### Problem details
Reproduce the lines below exactly, from the one containing "右键Cam数据设置-添加-C" through the one containing "Оперативная память Crucial", both included. Leave out any pictures.

### Extracted entries
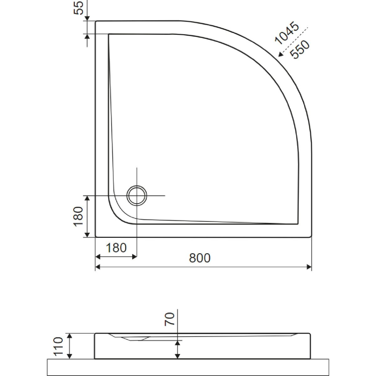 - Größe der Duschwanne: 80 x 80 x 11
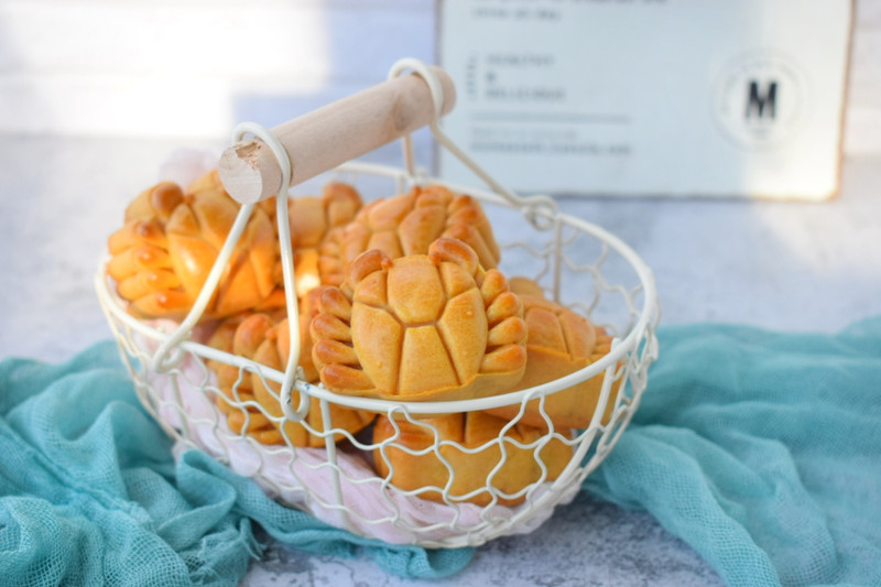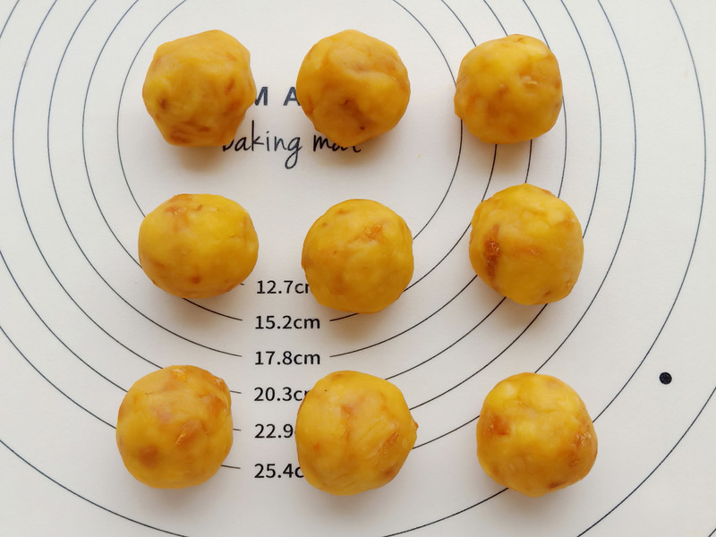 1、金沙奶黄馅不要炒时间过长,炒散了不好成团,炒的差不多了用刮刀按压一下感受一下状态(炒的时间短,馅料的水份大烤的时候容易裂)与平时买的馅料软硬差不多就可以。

--

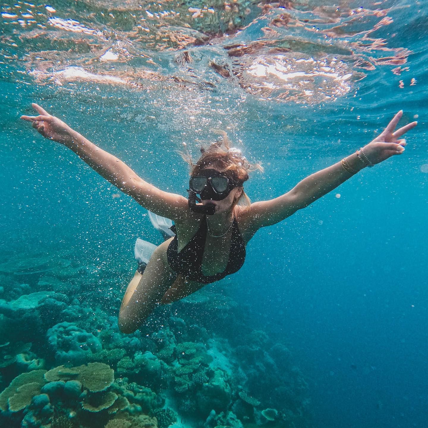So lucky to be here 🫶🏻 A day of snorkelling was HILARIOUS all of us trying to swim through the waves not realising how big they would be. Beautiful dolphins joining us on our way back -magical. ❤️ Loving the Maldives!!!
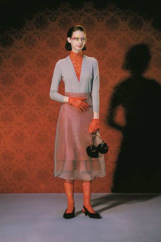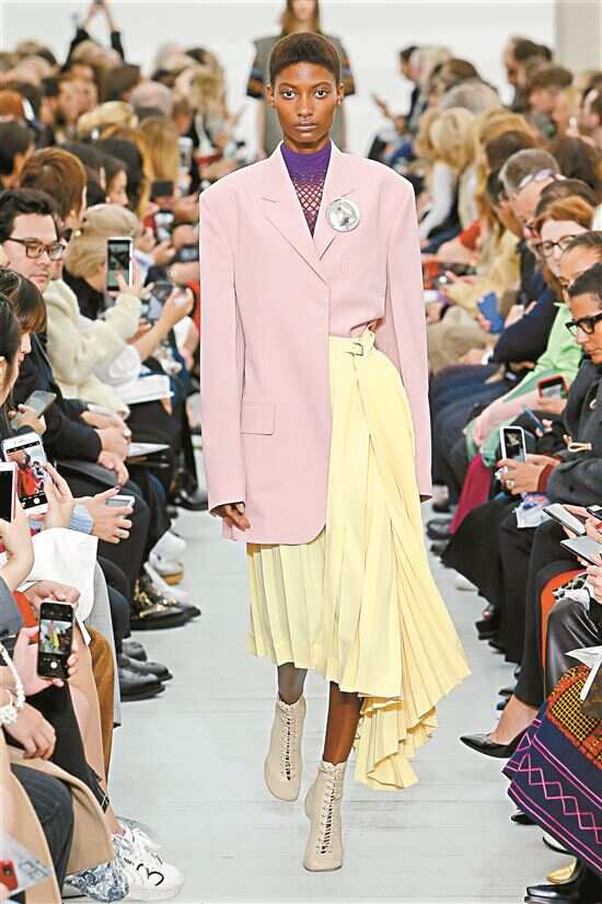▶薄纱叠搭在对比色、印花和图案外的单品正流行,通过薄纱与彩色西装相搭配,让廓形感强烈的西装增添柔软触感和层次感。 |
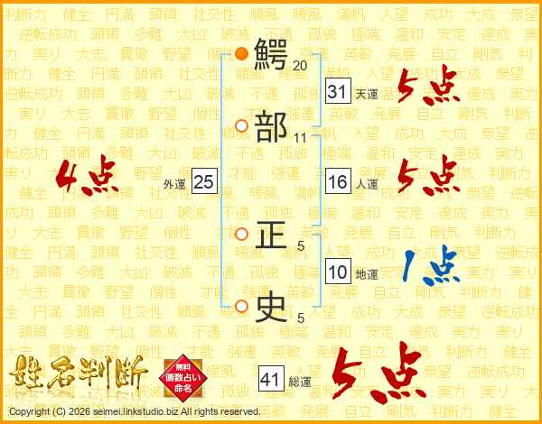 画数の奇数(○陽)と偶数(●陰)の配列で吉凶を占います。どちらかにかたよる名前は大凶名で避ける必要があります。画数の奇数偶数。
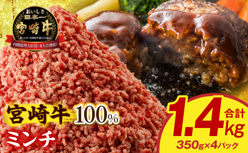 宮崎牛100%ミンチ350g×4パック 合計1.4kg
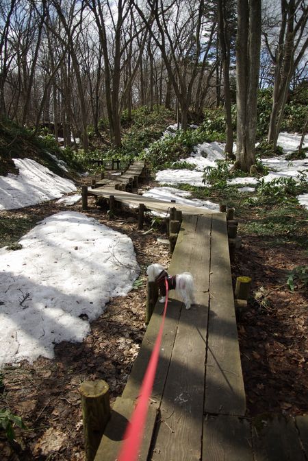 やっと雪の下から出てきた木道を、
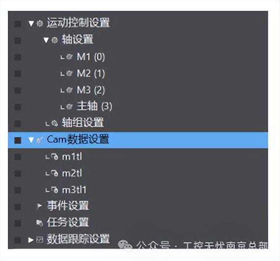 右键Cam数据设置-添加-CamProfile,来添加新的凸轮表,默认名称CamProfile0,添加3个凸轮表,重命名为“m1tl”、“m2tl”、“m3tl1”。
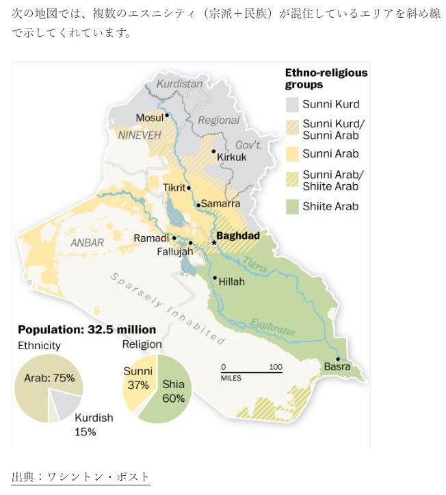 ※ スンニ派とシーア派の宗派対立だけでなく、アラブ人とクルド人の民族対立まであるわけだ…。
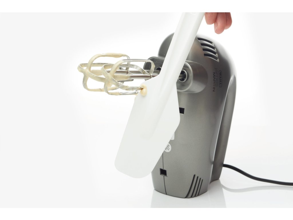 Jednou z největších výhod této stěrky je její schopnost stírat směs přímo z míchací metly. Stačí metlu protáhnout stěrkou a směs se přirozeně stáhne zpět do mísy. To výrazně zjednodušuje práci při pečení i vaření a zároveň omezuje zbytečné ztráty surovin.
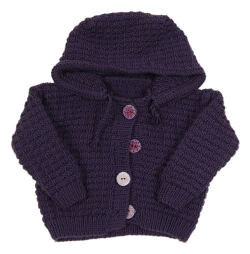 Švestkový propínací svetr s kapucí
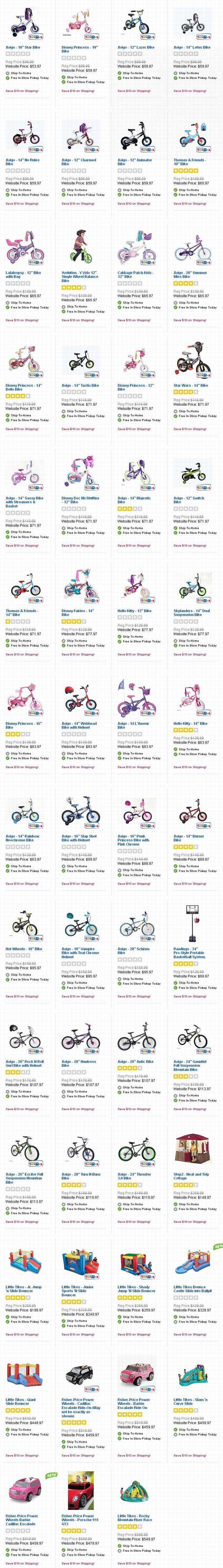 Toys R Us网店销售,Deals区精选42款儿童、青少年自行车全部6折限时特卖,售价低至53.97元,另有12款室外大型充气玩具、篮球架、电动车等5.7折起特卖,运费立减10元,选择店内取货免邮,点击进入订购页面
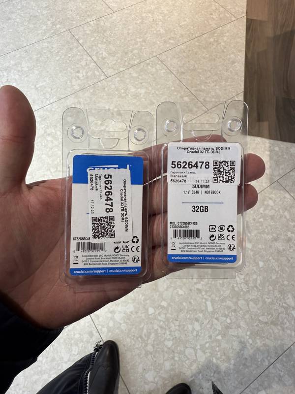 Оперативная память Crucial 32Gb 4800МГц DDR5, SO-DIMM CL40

### Task result
 右键Cam数据设置-添加-CamProfile,来添加新的凸轮表,默认名称CamProfile0,添加3个凸轮表,重命名为“m1tl”、“m2tl”、“m3tl1”。
 ※ スンニ派とシーア派の宗派対立だけでなく、アラブ人とクルド人の民族対立まであるわけだ…。
 Jednou z největších výhod této stěrky je její schopnost stírat směs přímo z míchací metly. Stačí metlu protáhnout stěrkou a směs se přirozeně stáhne zpět do mísy. To výrazně zjednodušuje práci při pečení i vaření a zároveň omezuje zbytečné ztráty surovin.
 Švestkový propínací svetr s kapucí
 Toys R Us网店销售,Deals区精选42款儿童、青少年自行车全部6折限时特卖,售价低至53.97元,另有12款室外大型充气玩具、篮球架、电动车等5.7折起特卖,运费立减10元,选择店内取货免邮,点击进入订购页面
 Оперативная память Crucial 32Gb 4800МГц DDR5, SO-DIMM CL40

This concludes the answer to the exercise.